2%グリセロール、または250mM ソルビトール製剤において傾向は、観察されなかった。
強制分解試験
・ 熱ストレス:50℃で1週間にわたるインキュベーション
・ 凍結/融解ストレス
o 2.5mL mL −75℃のフリーザにおいて24時間直接凍結し、続いて室温で融解させた。

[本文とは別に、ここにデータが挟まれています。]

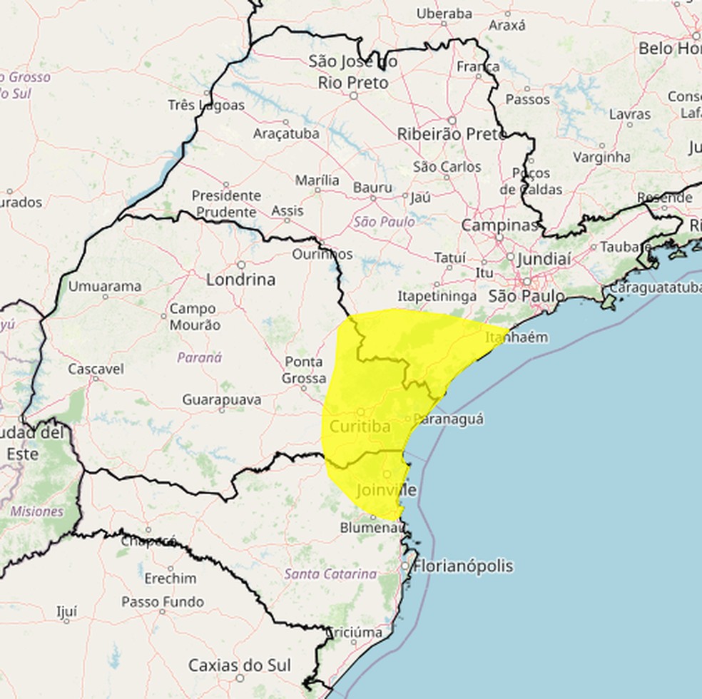 Alerta de 'perigo potencial' de chuvas intensas no PR,SC e SP — Foto: Reprodução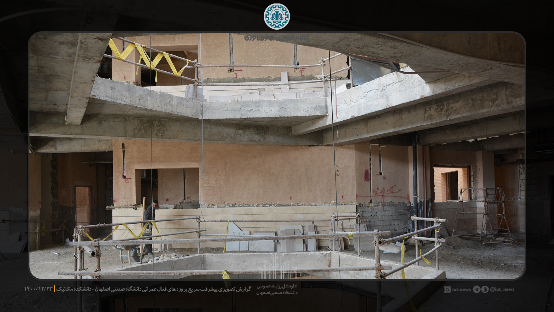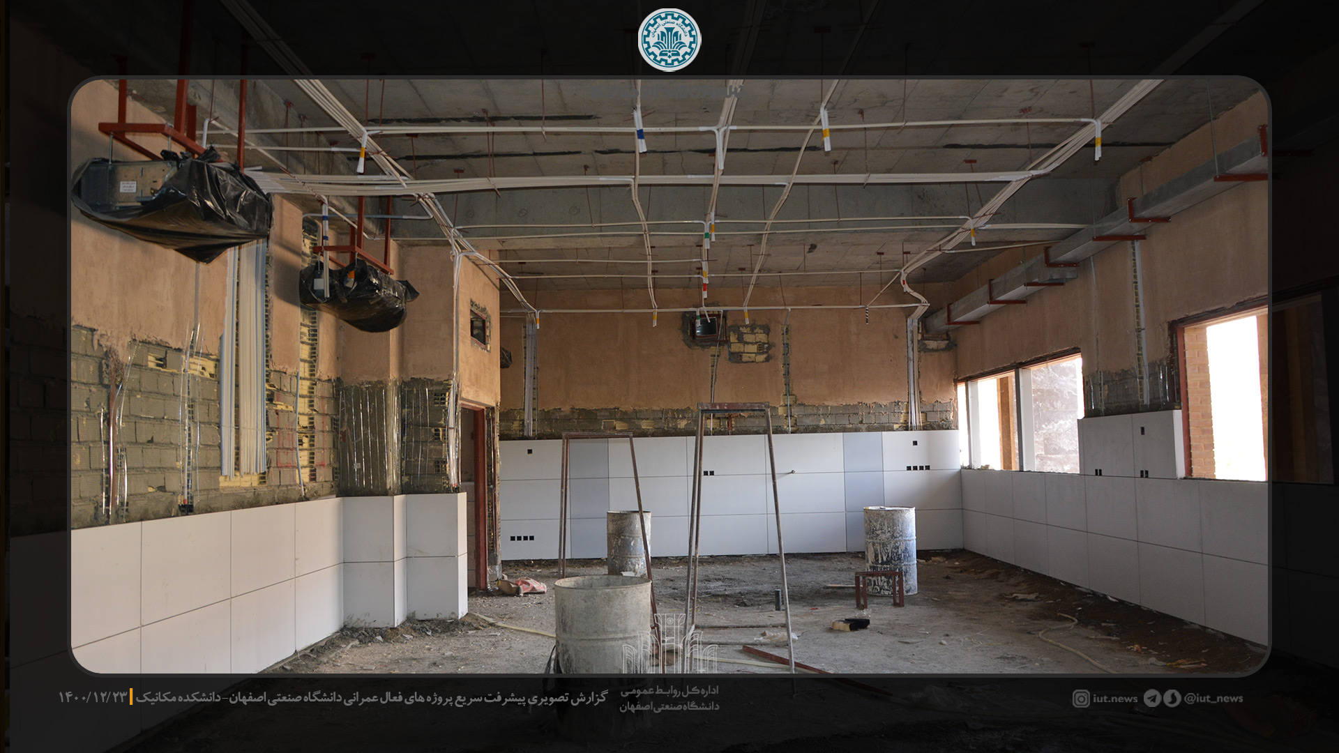 مدیر دفتر فني و نظارت بر طرح هاي عمراني دانشگاه صنعتي اصفهان روند ساخت و ساز را در روزهاي پايان سال مطلوب دانست و خاطر نشان كرد: در حال حاضر عملیات اجرایی سنگ فرش کف راهروها، تست و عایق کاری لوله های تاسیسات مکانیکی، تکمیل کانال های تهیه هواي مطبوع و عایق های آن در دست اقدام می باشد.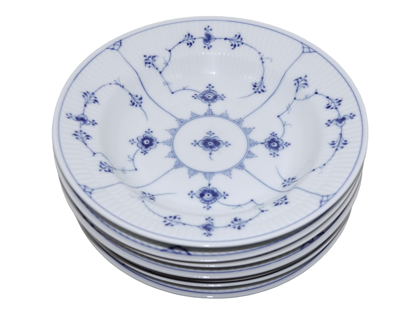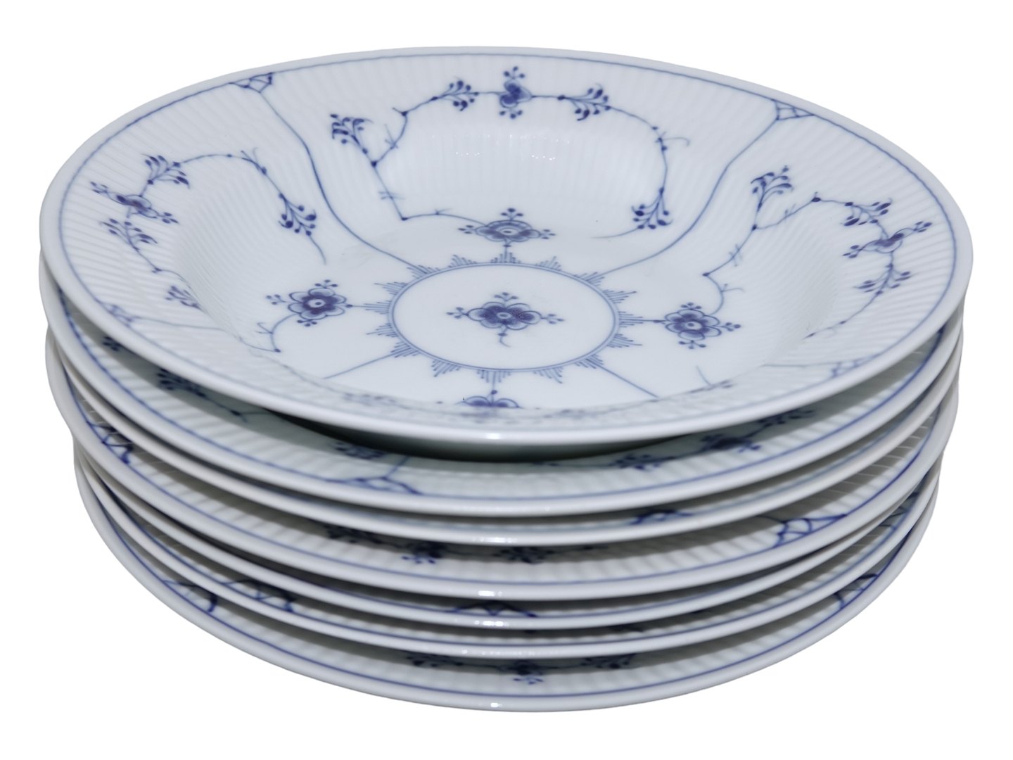 Text zugänglich auf Dänische: Royal Copenhagen Musselmalet Riflet, stor dyb suppetallerken.

o 2.5mLを−65℃まで凍結乾燥器中において0.05℃/分で凍結させ、0.05℃/分で25℃に融解させた。
o 1、3、または5回の凍結/融解サイクルへの曝露
・ 攪拌ストレス:室温で5日間にわたる、回転式ラック、および軌道振とうによる。
・ 脱アミド化/塩基加水分解:1MTris塩基を用いて試料をpH≧10とし、37℃で5日間にわたるインキュベーション
・ 脱アミド化/酸加水分解:試料を1N HClを用いてpH≦4とし、37℃で5日間にわたるインキュベーション
・ 酸化:37℃で4時間にわたって、0.04%(v/v)過酸化水素に曝露
・ 光安定性:クールライト 8.00kluxに150時間にわたって曝露し、20時間にわたるUV光の10.0ワット 時間/平方メートル
全ての試料は、以下によって分析された。
・ SEC
・ RP−HPLC
・ 活性(動態)
・ cIEF
・ A280
・ SDS−CGE
・ PepMap w/LC/MS。
加速度的な安定性試験が、10L/5〜10グラムスケールの製造工程に由来する原薬を用いて進行中である(表1を参照)。recAP試料は、−75℃、2〜8℃、および25℃で保存され、試料は、1月間にわたって試験された。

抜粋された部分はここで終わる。